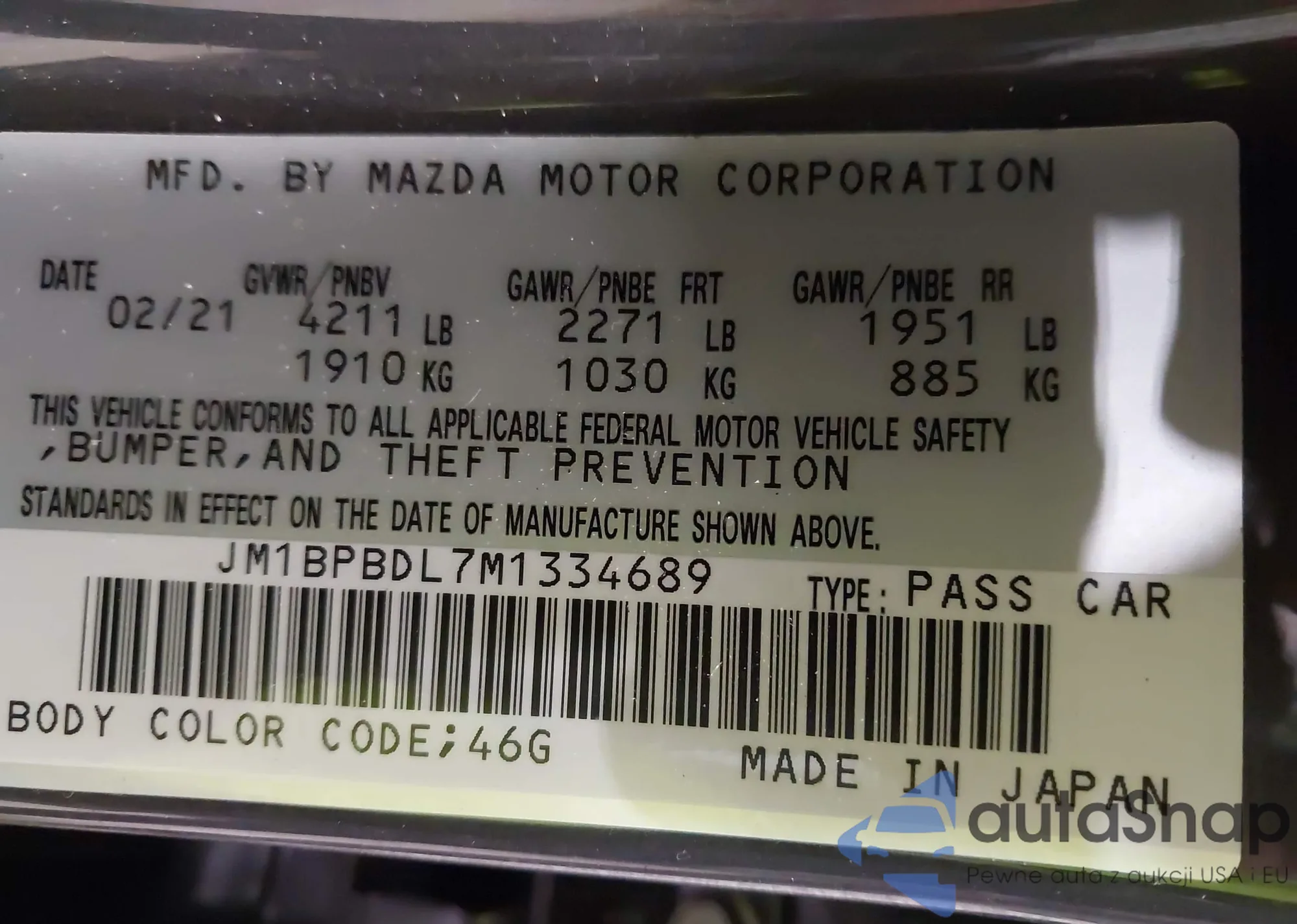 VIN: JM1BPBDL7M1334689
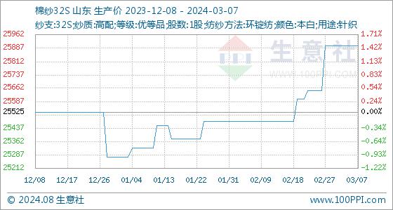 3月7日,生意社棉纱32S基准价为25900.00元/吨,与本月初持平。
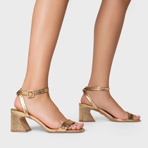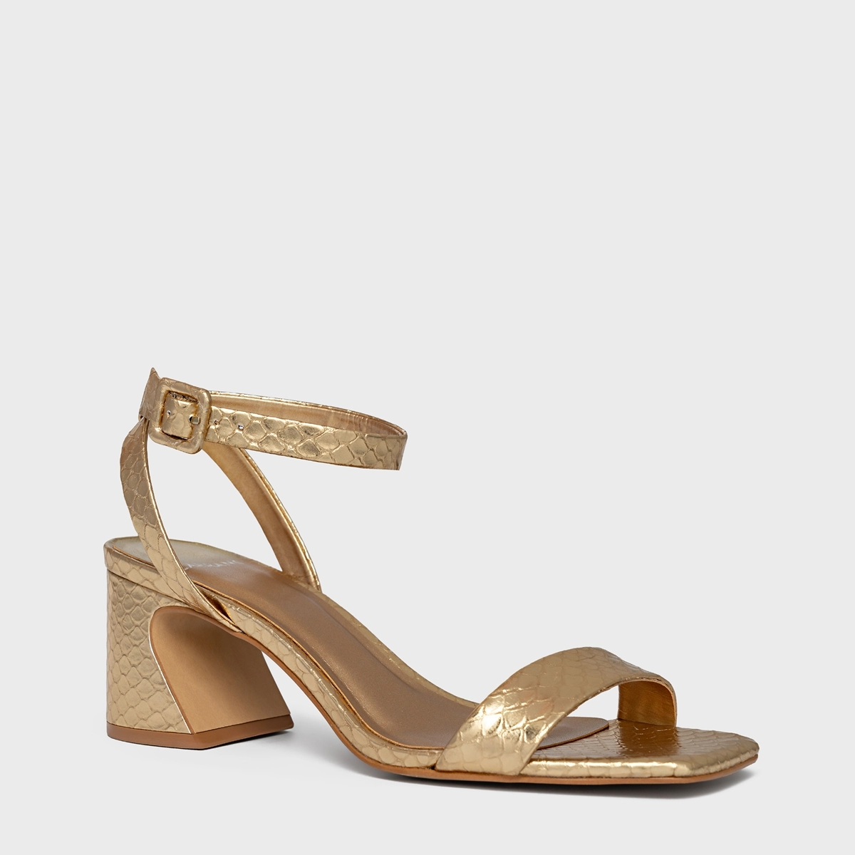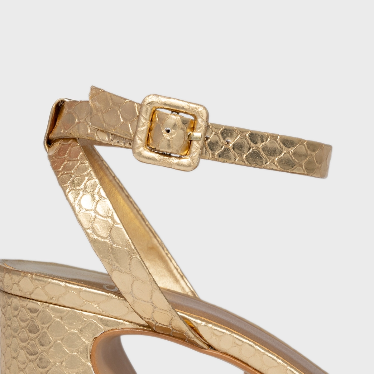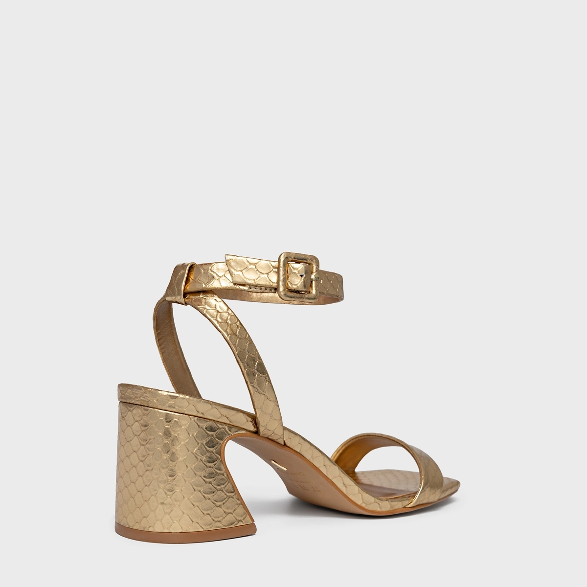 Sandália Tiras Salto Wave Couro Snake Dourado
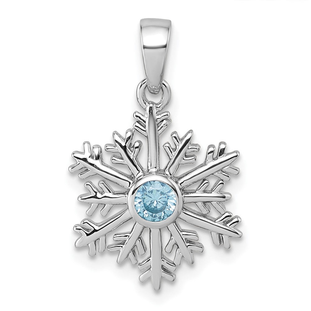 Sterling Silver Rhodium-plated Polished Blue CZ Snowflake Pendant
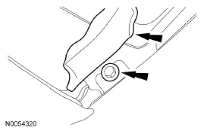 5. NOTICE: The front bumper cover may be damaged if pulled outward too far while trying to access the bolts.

§ **YOUR OBJECTIVE**: The required result is an exact copy of the lines from the line containing "3月7日,生意社棉纱32S基准价为25900.00元/吨,与本月初持平。" through the end of the entries, with every picture left out.

§ **WRITTEN REPLY**:
 3月7日,生意社棉纱32S基准价为25900.00元/吨,与本月初持平。
 Sandália Tiras Salto Wave Couro Snake Dourado
 Sterling Silver Rhodium-plated Polished Blue CZ Snowflake Pendant
 5. NOTICE: The front bumper cover may be damaged if pulled outward too far while trying to access the bolts.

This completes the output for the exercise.